Всё началось, как нельзя лучше.
Правда, Толе пришлось довольно долго простоять у проходной в ожидании, пока появится директорская «Победа». Но он не скучал…
Наоборот, было даже интересно смотреть, как происходит смена рабочих на заводе. Часы на проходной показали без четверти восемь, и украшенная клумбами и газонами, посыпанная яркожёлтым песком площадка перед проходной заполнилась множеством людей. Они шли густой толпой из соцгорода, высаживались из подходивших друг за другом голубых автобусов.
Неподалёку от проходной был построен небольшой деревянный вокзальчик. К нему, пыхтя и отдуваясь, чёрный лоснящийся паровоз подтащил вереницу зелёных пассажирских вагонов. Высыпала большая толпа рабочих и тоже направилась к проходной.
Только успели эти рабочие войти в завод, как оттуда хлынула новая толпа — это рабочие ночной смены расходились по домам. В проходной возникла такая сутолока, что Толя подумал: а не замешаться ли и ему в эту толпу? Среди взрослых можно- было незаметно пробраться на завод. Но нельзя подводить Павлика. Толя должен был ждать Павлика у заводских ворот — так они договорились вчера и так надо было делать.
Площадка перед заводом опустела, а Павлика всё ещё не было. Наконец, вдали показалась «Победа». По цвету и номеру мальчик определил, что едет директорская машина. Она двигалась медленно, и Толя издали мог убедиться, что Павлик сидит рядом с водителем — дядей Колей. Через ветровое стекло было видно, как мальчик, показывая на Толю, что-то быстро и горячо говорит водителю. Дядя Коля небрежно взглянул на стоящего на тротуаре Толю и отрицательно покачал головой, у Толи дрогнуло сердце.
Павлик заговорил ещё горячее. Видимо, ему удалось убедить водителя: тот ещё раз взглянул на Толю, усмехнулся, и машина замедлила ход. Павлик кивнул Толе: не зевай! — и тотчас же перегнулся через спинку сидения, открывая заднюю дверцу. Толя бежал рядом, и лишь дверь успела приоткрыться — он проворно юркнул в машину.
— Ловкий, — усмехнулся дядя Коля, которому не пришлось даже останавливать машину.
И вот они на заводе. Вновь, как два дня тому назад, мимо Толи плывут громадные красные корпуса цехов. В их окнах видны длинные ряды работающих станков. Но теперь Толя ехал не на угловатых, перекатывающихся поковках, а в бесшумной легковой машине, на мягком и удобном сидении.
От удовольствия лицо мальчугана расплылось в довольную и радостную улыбку. Сам того не сознавая, он принял гордый вид, откинулся на подушки и победоносно посматривал по сторонам, сожалея, что никто из знакомых ребят с улицы Мира не может увидеть его в этом положении.
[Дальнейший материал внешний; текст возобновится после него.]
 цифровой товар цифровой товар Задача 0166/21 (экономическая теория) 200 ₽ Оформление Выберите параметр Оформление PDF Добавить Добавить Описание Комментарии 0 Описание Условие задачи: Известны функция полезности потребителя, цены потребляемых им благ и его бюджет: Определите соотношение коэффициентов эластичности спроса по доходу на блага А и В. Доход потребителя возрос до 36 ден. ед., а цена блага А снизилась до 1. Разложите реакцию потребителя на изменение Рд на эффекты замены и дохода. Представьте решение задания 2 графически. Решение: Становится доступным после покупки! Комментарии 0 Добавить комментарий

Но удовольствие скоро кончилось. Дядя Коля развернул машину у подъезда заводоуправления и остановился. Ребята вышли, забежали в подъезд и быстро пошли по длинному коридору, выстланному мягкой ковровой дорожкой.
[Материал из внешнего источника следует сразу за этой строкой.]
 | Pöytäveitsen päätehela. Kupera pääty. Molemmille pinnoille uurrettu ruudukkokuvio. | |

Павлик остановился у одной из выходивших в коридор стеклянных дверей. В просторной приёмной комнате сидела пожилая полная женщина в белой кофточке и что-то быстро писала, прижав плечом к уху телефонную трубку.
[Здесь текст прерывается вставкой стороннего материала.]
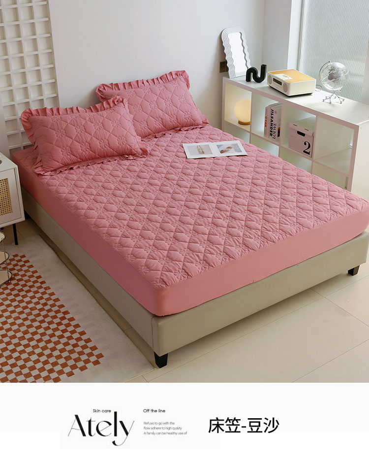 情煊 2023新款全棉夹棉纯色印花床笠款(可定制尺寸) 床笠-豆沙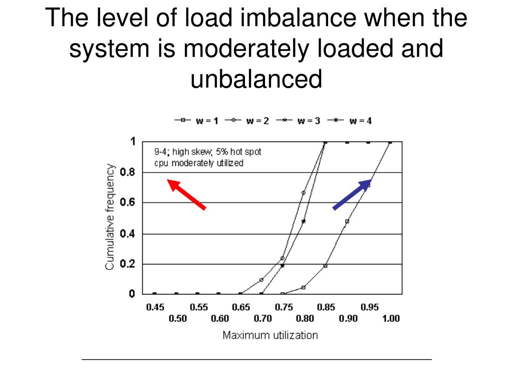 The level of load imbalance when the system is moderately loaded and unbalanced
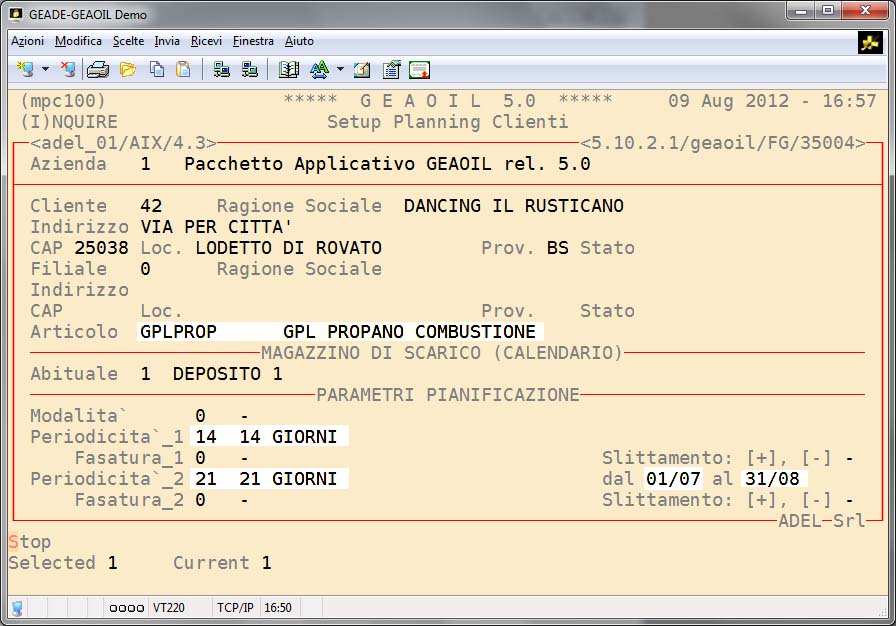 Periodicità Alternativa (es.: Bassa Stagione), con lo stesso criterio della periodicità normale e definendo il periodo alternativo normalmente legato alla stagionalità delle consegne.

— Папа здесь, Надежда Николаевна? — спросил Павлик.
Надежда Николаевна кивнула, не переставая писать. Мальчуганы переминались около стола, а Толя с любопытством следил за работой женщины. Перо Надежды Николаевны быстро выписывало какие-то кружки, чёрточки, точки и другие завитушки.
— Вот так пишет! — шопотом сказал он Павлику. — Не по-нашему, что ли? Ничего не разберу!
— Стенографистка! — таким же шопотом ответил Павлик. — Какая стенографистка? На стенках пишет?
— Нет, на бумаге. Двое разговаривают, а она может записать их СЛОВО В СЛОВО.
— Ну? Успеет? А если быстро говорят?
— Всё равно успеет, хоть как быстро…
Толя с сомнением покачал головой: не верилось, чтобы нашлась на свете такая женщина, которая могла бы записывать так же быстро, как говорят люди. Учительница диктовала совсем медленно, и то Толя едва успевал записывать диктант.
Но размышлять об этом было уже некогда: Павлик ему кивнул на обшитую чёрной материей дверь с зеркальной вывеской: «Директор». Он подталкивал Толю локтем и медленно подвигался к двери, не спуская глаз с Надежды Николаевны.
Они были совсем уже у входа в директорский кабинет, когда Надежда Николаевна заметила их маневр.
— Вы куда, мальчики?
Павлик сделал вид, что ничего не слышит и исчез за дверью, увлекая за собой Толю.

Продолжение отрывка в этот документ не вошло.